The group warned that austerity drives across Europe, which have seen medicine prices slashed by more than 7 per cent, will impact the development of new drugs across the continent.
Glaxo issued the warning as it announced moves to overhaul its European business to weather difficult trading conditions.
It said it was unclear if there would be any impact on jobs and would give further details of the review before the end of the year.
But it stressed it continued to expect to increase staff numbers over the next two years in the UK, where it is headquartered and currently employs around 15,000 people.
The group has around 23,000 staff across Europe, excluding the UK.
Third quarter sales slumped 9 per cent in Europe, largely as a result of government cutbacks, which dragged on the wider group performance, with overall sales down by 5 per cent to £6.5bn.

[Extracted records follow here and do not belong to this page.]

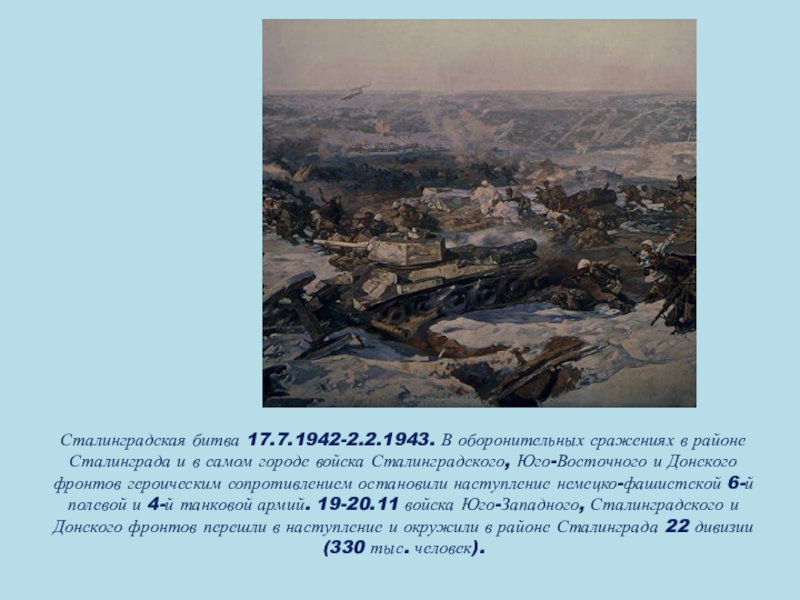 самом городе войска Сталинградского, Юго-Восточного и Донского фронтов героическим сопротивлением остановили наступление немецко-фашистской 6-й полевой и 4-й танковой армий. 19-20.11 войска Юго-Западного, Сталинградского и Донского фронтов перешли в наступление и окружили в районе Сталинграда 22 дивизии (330 тыс. человек).
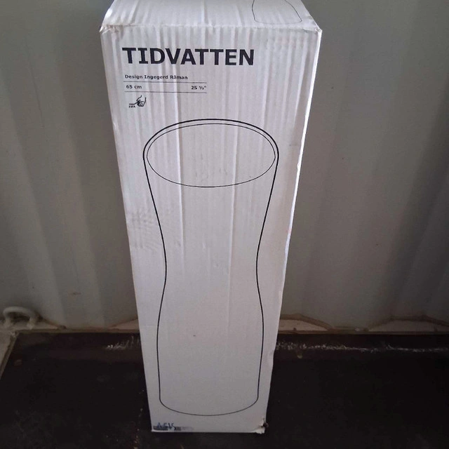 Enhance your home decor with this brand new Tidvattan clear glass vase, standing at 25 1/2 inches tall, perfect for displaying your favourite floral arrangements or as a standalone statement piece. This vase is new in its original packaging. Specifications: * Brand: IKEA * Model: Tidvattan * Height: 25 1/2 inches * Material: Glass * Colour: Clear Looking for a touch of elegance? This vase is just the ticket! It's so new, it practically sparkles with potential. Remember, if the ad's up, it's still available!
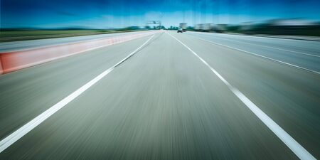 Captivating view of a highway stretching into a cloudy sky, showcasing dynamic motion effects and striking yellow road markings offering an engaging travel perspective.
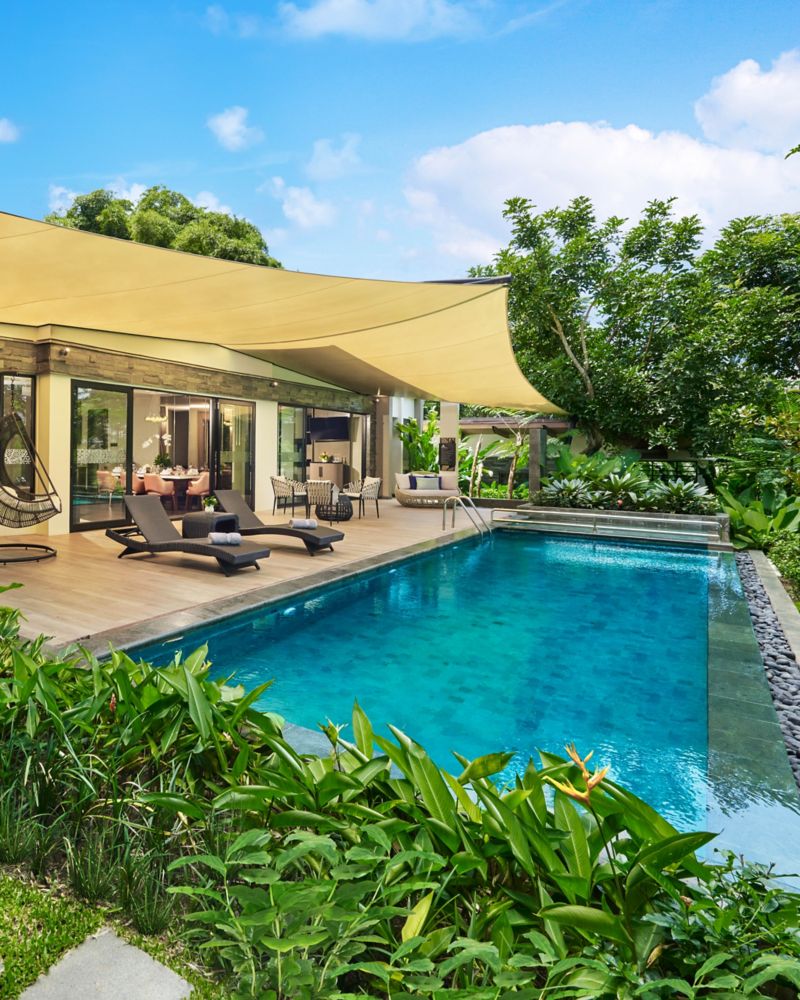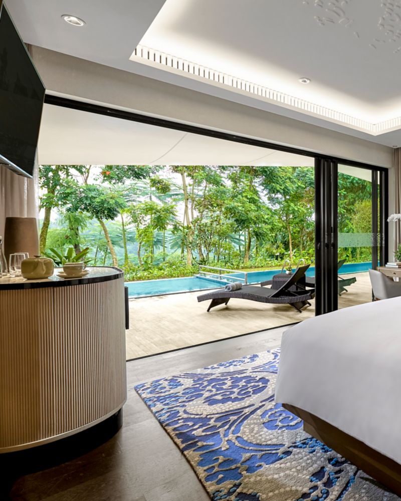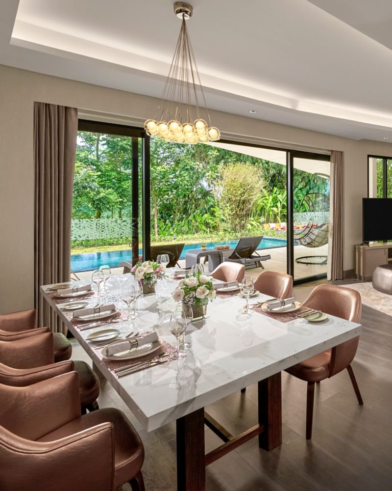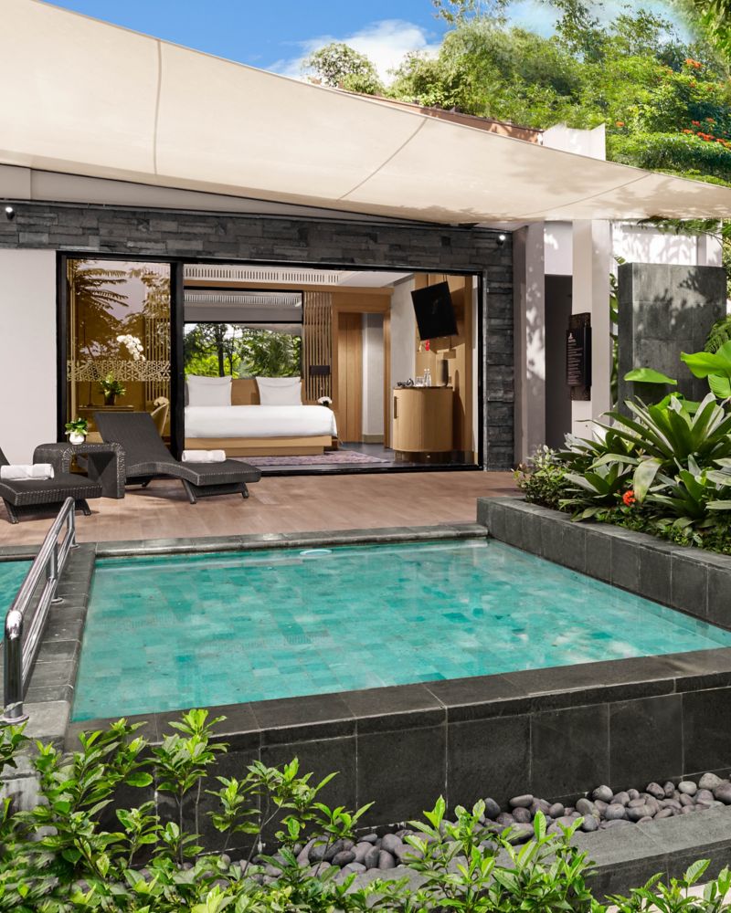 จูเนียร์ เพรสซิเดนเชียล วิลล่า ที่มาพร้อมเตียงคิงไซส์สามเตียงและสระว่ายน้ำอุ่นส่วนตัว คือการผสานการพักผ่อนและความคิดสร้างสรรค์เข้าไว้ด้วยกันอย่างลงตัว วิลล่าที่เป็นดั่งสวรรค์แห่งการพักผ่อนบนพื้นที่ 250 ตร.ม. (2,690 ตร.ฟุต) แห่งนี้ ผสมผสานสิ่งอำนวยความสะดวกที่เตรียมด้วยความใส่ใจเข้ากับเทคโนโลยีที่ใช้งานง่าย เพื่อสร้างสรรค์ช่วงเวลาแห่งความสงบท่ามกลางทิวทัศน์ที่ปลุกพลัง
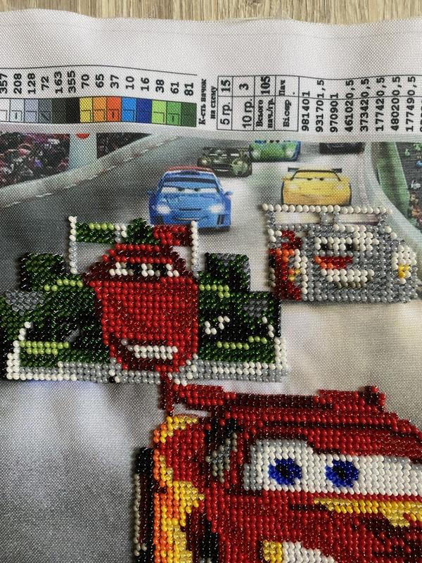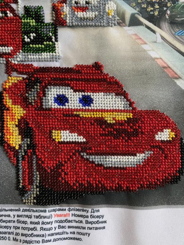 Дитяча картина вишита бісером «Маквін».Загальний розмір 30*27,розмір самої картинки 24,5*19.5.Ручна робота.
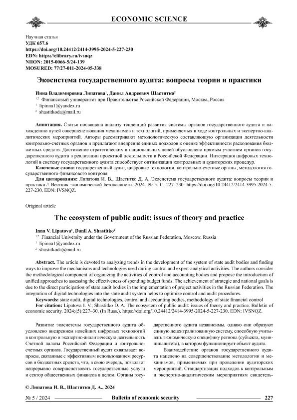 Липатова, И.В. Экосистема государственного аудита: вопросы теории и практики / И.В. Липатова, Д.А. Шаститко // Вестник экономической безопасности. – 2024. – № 5. — С. 227-230. — Только в электронном виде. — <URL:http://elib.fa.ru/art2024/bv3533.pdf>.
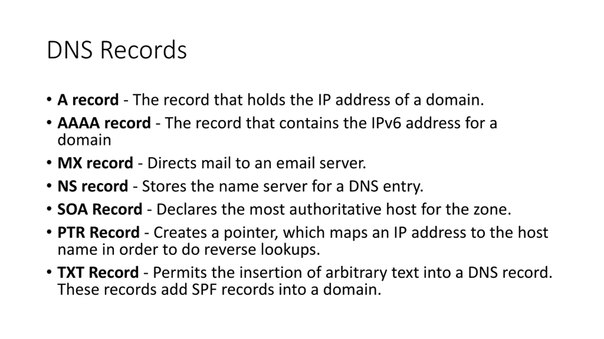 DNS Records A record - The record that holds the IP address of a domain. AAAA record - The record that contains the IPv6 address for a domain MX record - Directs mail to an email server. NS record - Stores the name server for a DNS entry. SOA Record - Declares the most authoritative host for the zone. PTR Record - Creates a pointer, which maps an IP address to the host name in order to do reverse lookups. TXT Record - Permits the insertion of arbitrary text into a DNS record. These records add SPF records into a domain.

Glaxo said that while it hoped better performances in emerging markets and Asia would see a return to sales growth in the fourth quarter, the worse-than-expected conditions in Europe will mean full year sales are likely to remain flat against previous forecasts for an increase of around 2 per cent.
Sir Andrew Witty, chief executive of Glaxo, said: “There’s a risk that these aggressive price reductions are going to undermine the incentive for innovation in Europe.”
He added: “It’s not reasonable for governments to believe they can continue to make these sorts of price reductions and delay new medicines without having unintended consequences.”
Prices have been worst affected in Greece and Germany, but Glaxo said governments cross-reference their prices across Europe, which means one country can influence the whole continent.
It added that systems for getting new medicines on to the market were also impacting business, in particular in the UK.
Glaxo posted a 13 per cent fall in underlying operating profits to £2bn in the third quarter, when exchange rate movements are stripped out.
It is cutting costs across the group to offset tough trading conditions and the impact of competition from cheaper generic rivals and said it had delivered savings of around £2.5bn of the £2.8bn targeted by 2014.